Handle chief's power carefully to tame excesses

Interior Cabinet Secretary Kithure Kindiki. [Kelly Ayodi, Standard]

The provincial administration has a checkered history in Kenya. While it ensured law and order, it was also accused of dictatorship. Therefore, Interior Cabinet Secretary Kithure Kindiki's plan to arm chiefs and their assistants with guns and assign the former five police officers to them, is bound to generate controversy.

And, for obvious reasons. During the push for constitutional review, the wider provincial administration was among areas targeted for reform alongside the imperial presidency and the police.

This is because chiefs had become untouchables in the villages where their word was law. Kenyans, in their quest for expanded rights and freedoms, wanted a fresh structure of administration that was accountable. In the old order, the administration police was placed under the provincial administration right from the minister in the Office of the President in charge of internal security down to the chiefs.

But it was at the lower level where people faced the wrath of this colonial relic, which unlike the pre-colonial system of village elders, did not have control mechanisms.
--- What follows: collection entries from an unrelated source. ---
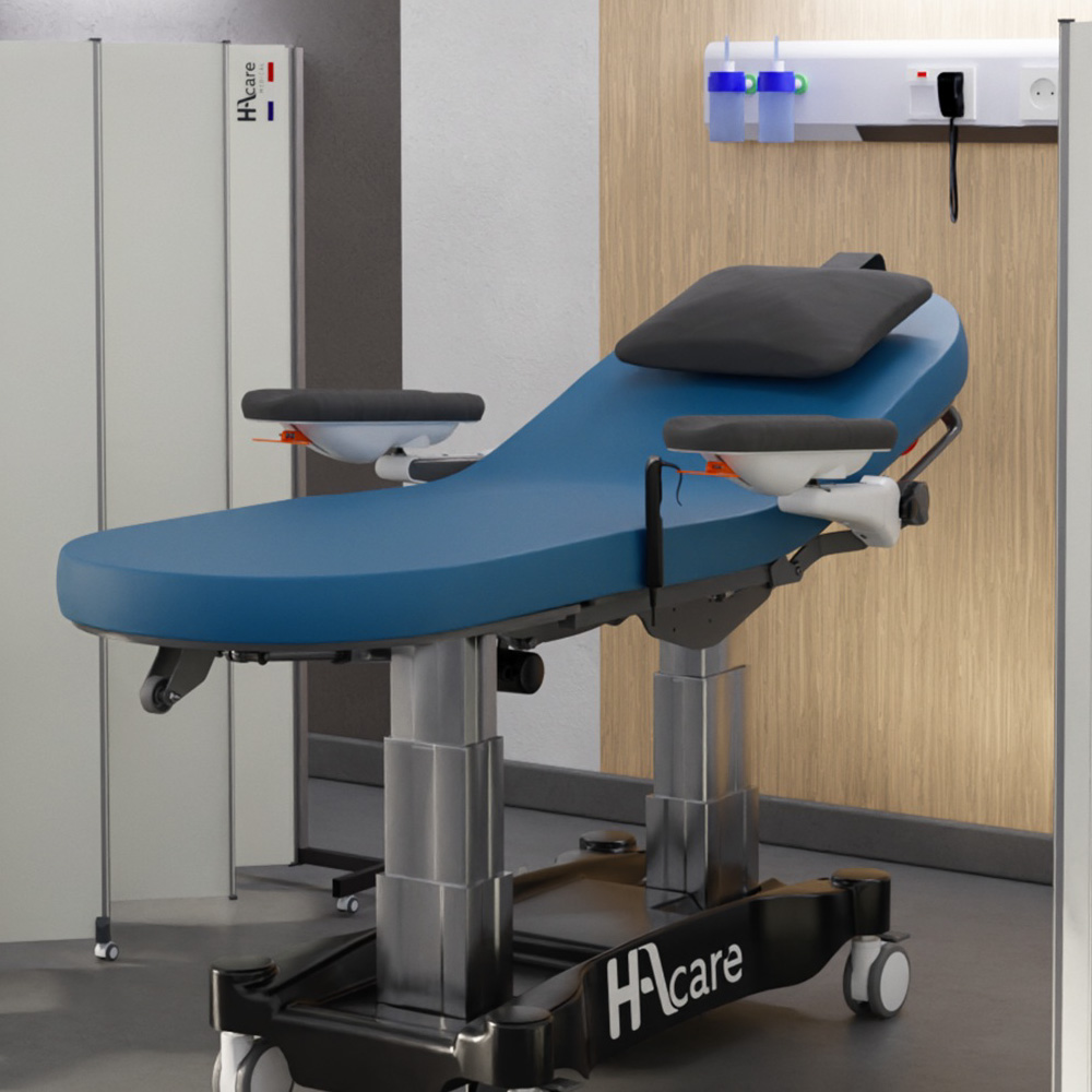 Die Behandlungsliege CLAVIA LSA mit verstellbaren Seitenteilen in drei Positionen und abnehmbarer Matratze ist speziell konstruiert für die Versorgung von Patientinnen und Patienten in ambulanten Einrichtungen. Sie ist schnell und intuitiv zu bedienen. Die sechs vorprogrammierten Positionen sind voll elektrisch verstellbar.
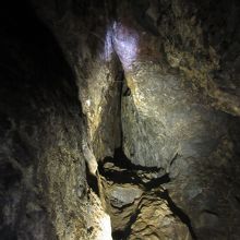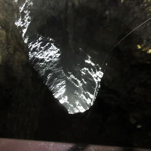 ガイドさんの照らす懐中電灯の灯りのみ。
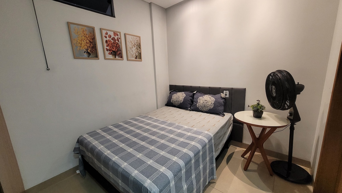vc vai estar perto de tudo ao ficar neste lugar bem-localizado, limpo e aconchegante. mercado autonomo disponível 24 horas internet rápida, elevador, cama confortável,chuveiro excelente ar condicionado no quarto principal condomínio com portaria 24h com academia, brinquedoteca, área lazer, piscinas,quadra de esportes. vaga de garagem coberta self check in com fechadura eletrônica Conta com fogão, Airfryer,geladeira, cama de casal,tv e dois quartos
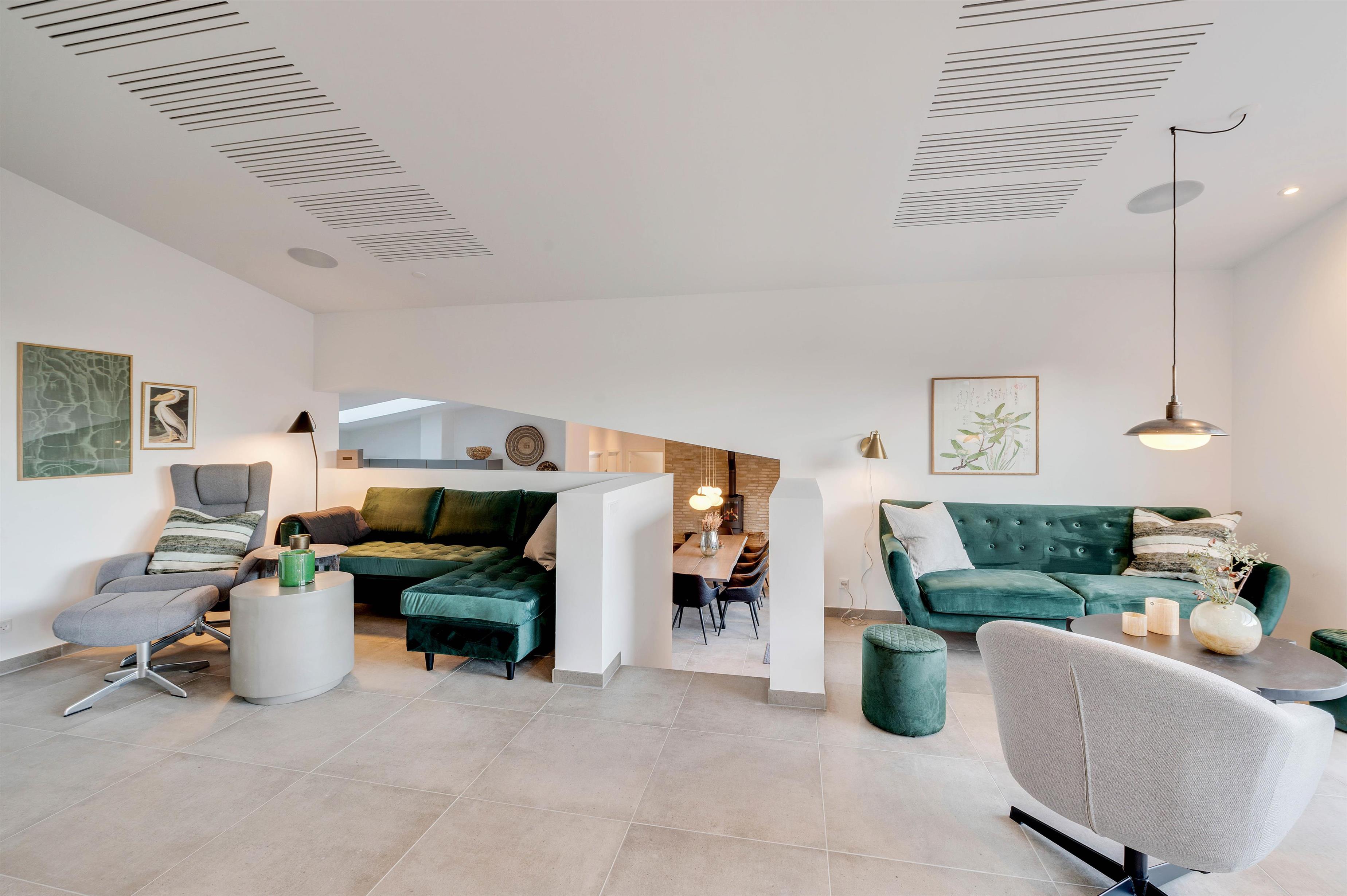 This luxury summer house not only features modern interior furnishings but also boasts exclusive outdoor facilities. The expansive terrace, which wraps around the house creating distinct areas, is fully enclosed and partially covered.
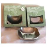 | 3 Wilton Armetale "Dipping Bowls" 2 "Boston" Dipping Bowls - One New in Box and "Flutes and Pearls" Bowl New in Box |
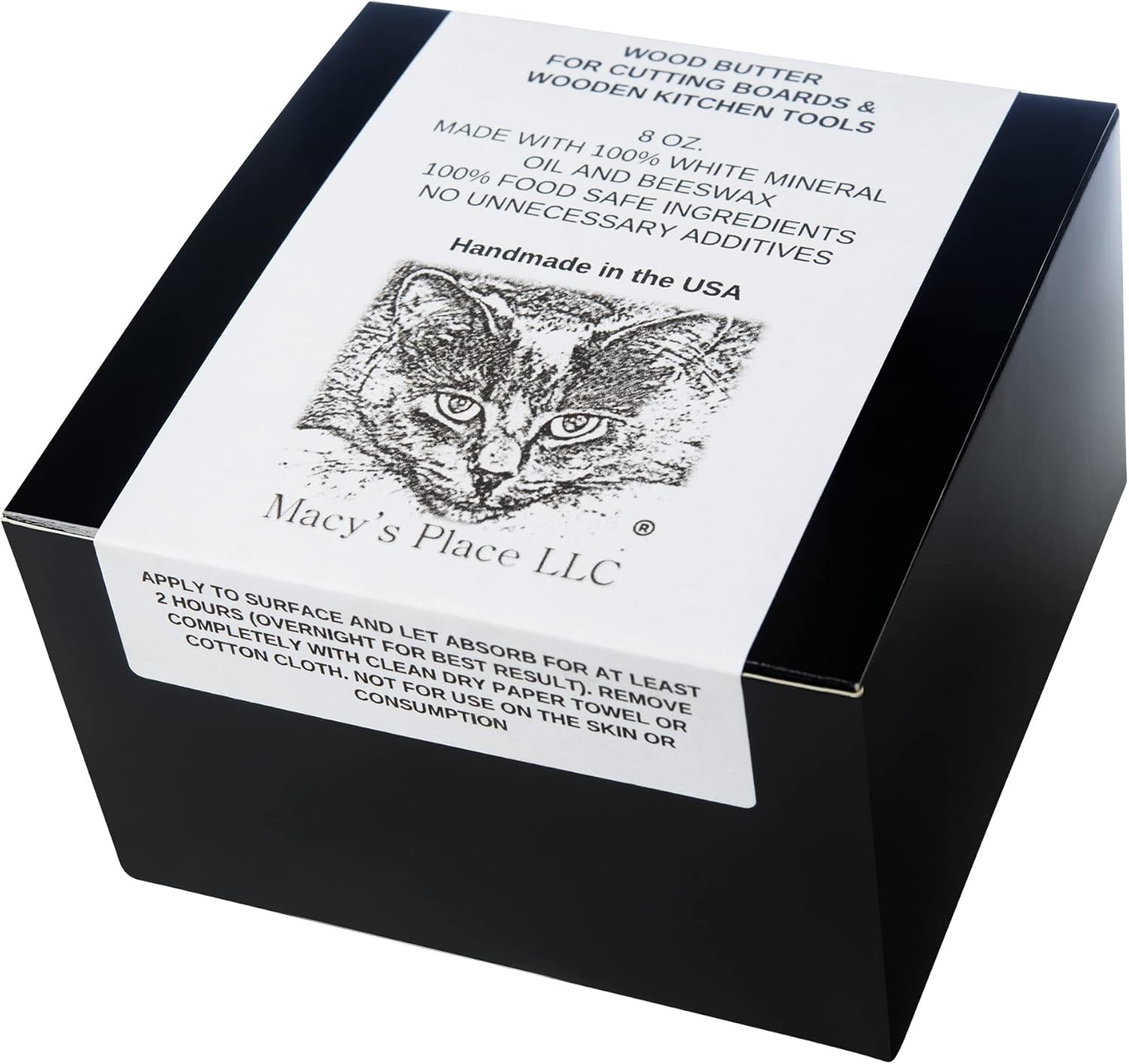 This wood conditioner protects wooden tools from drying and cracking, ensuring longevity. Made with only two natural ingredients—food-safe mineral oil and beeswax—it's ideal for conditioning wooden utensils. Proudly made in the USA by a small business with a long history in crafting cutting boards and kitchen tools. Proper conditioning also makes cleaning wooden items quick and easy.
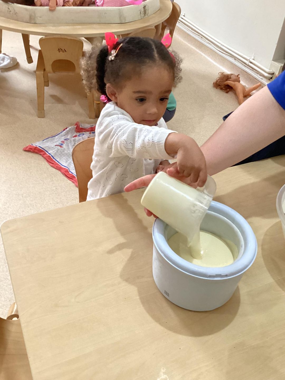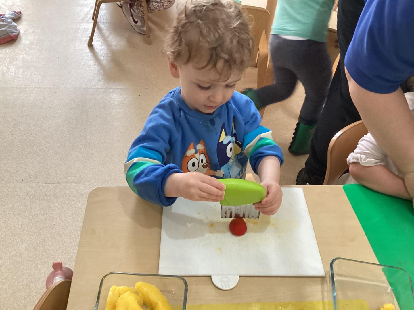 The Grasshoppers have had a lot of fun in the sun recently and have been enjoying ice cream with their families. So at nursery, we made our own ice cream. The children did really well using safety choppers and knives to cut up the fruit for their toppings, and they measured out the ice cream mix: custard and cream. They loved watching how the liquid slowly developed ice crystals and began to freeze up in the ice cream maker. Later in the week, the children then served the ice cream themselves as a delicious afternoon treat.
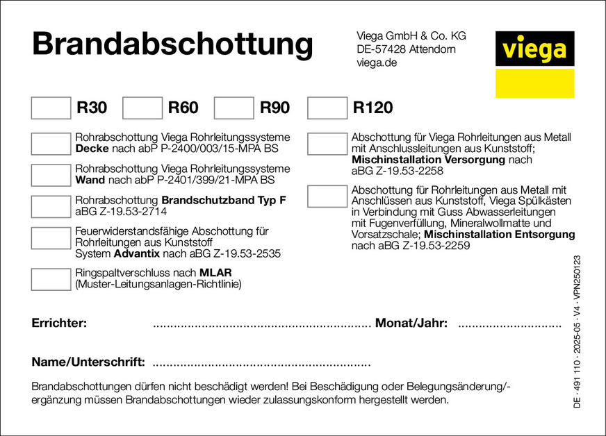 In der Kennzeichnung müssen neben Monat und Jahr der Errichtung der Name der Rohrabschottung (Bezeichnung aus dem Anwendbarkeitsnachweis), die Nummer des Nachweises, das Ausstellungsdatum des angewendeten Nachweises sowie die Angabe, welche Feuerwiderstandsklasse (Zeitdauer) erreicht werden soll, vermerkt sein.
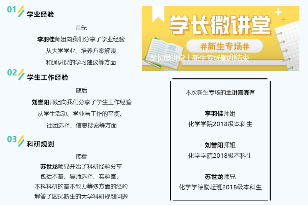为了让新生们对未来的大学生活有更加明确的规划,2021年10月1日51吃瓜 学生会举办了“学长微讲堂”系列活动——新生专场,会上邀请了李羽佳师姐、刘誉阳师姐、苏世龙师兄,师兄师姐们从自身经历出发分享了学习、工作和科研的经验。
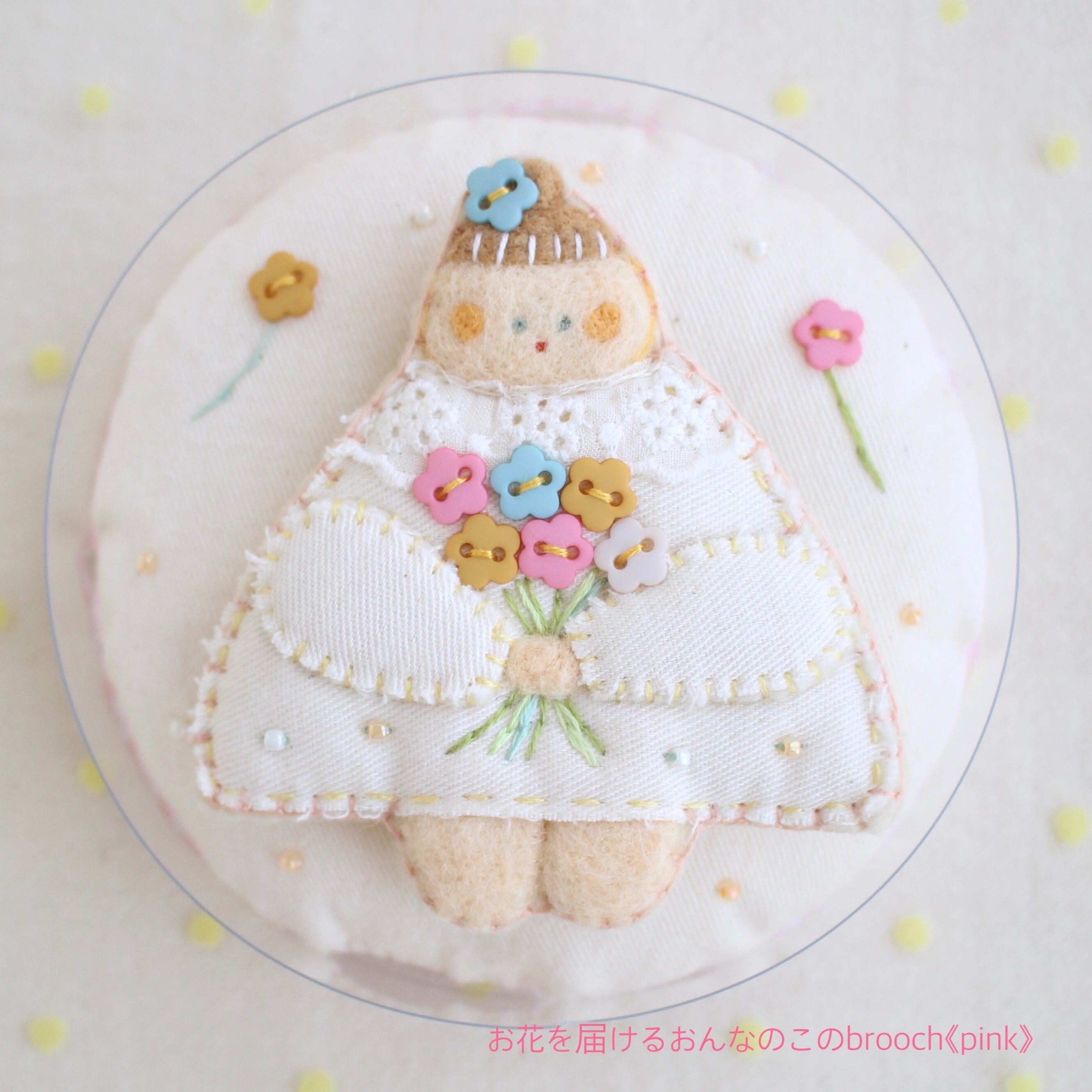 お花を届けるおんなのこのbrooch《pink》縦 約8cm 横 約7,4cm
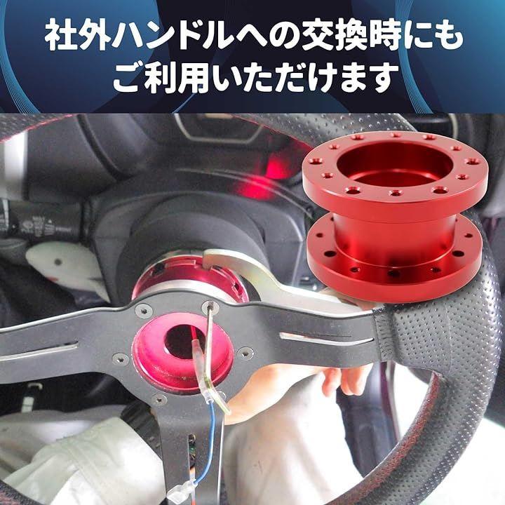 「快適な運転を支えるステアリングボススペーサー」アルミ製で、個人の運転ポジションに合わせてステアリング位置を微調整。
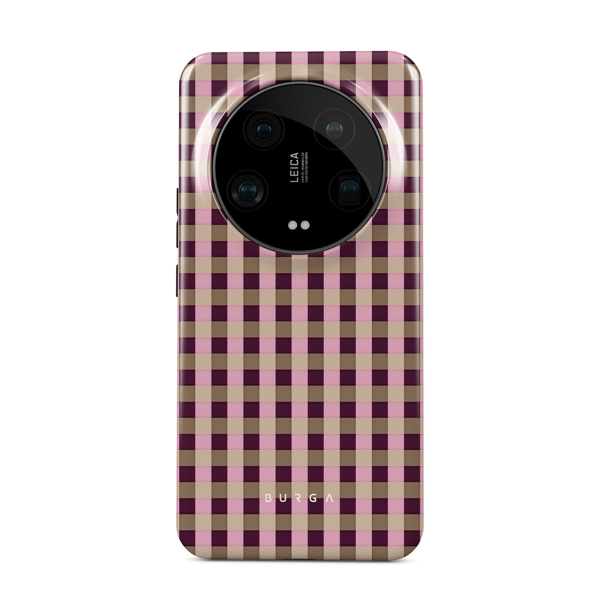 This design features: pink and burgundy plaid pattern, modern checkered style.

Even after independence, the political leadership carried from where the colonial masters had left as part of a strategy to lord over the people.

The enabler of this exercise of power and authority was the administration police. Through such colonial laws as the Chief's Authority Act and the Preservation of Public Security Act, post-colonial governments continued to use them to suppress freedoms.

Freedom of movement, expression, association and assembly suffered most. The same fate was visited on political rights to stifle mobilisation.

While Kindiki's concerns pertain to runaway insecurity in various parts of the country, especially banditry and cattle rustling, Kenyans rightly shudder to imagine a return to the era when chickens and goats could be seized by Bwana Chief for skipping a baraza.

It is also known that police officers under their command were misused, including aiding extortion missions to changaa dens and off-licence alcohol outlets.

Unlike in the past, chiefs are competitively recruited and undergo paramilitary training. Indeed, a good number hold degree qualifications. But even if they undergo vetting, this should not be reason enough to arm all the more than 6,000 as proposed.

Already, criminals are raiding police stations and running away with guns from armories. How secure will these guns be in the hands of chiefs?

As a lawyer, Prof Kindiki is also aware that the Constitution vests exclusive command of the police in the Inspector General of Police. Assigning them to chiefs will thus be ultra vires to the Constitution. Let the chiefs continue being peacemakers, mediators, negotiators and law enforcers at the grassroots level within the confines of the law.

Leave the job of fighting criminals and bandits to national security agencies, which the CS should boost in terms of manpower and equipment.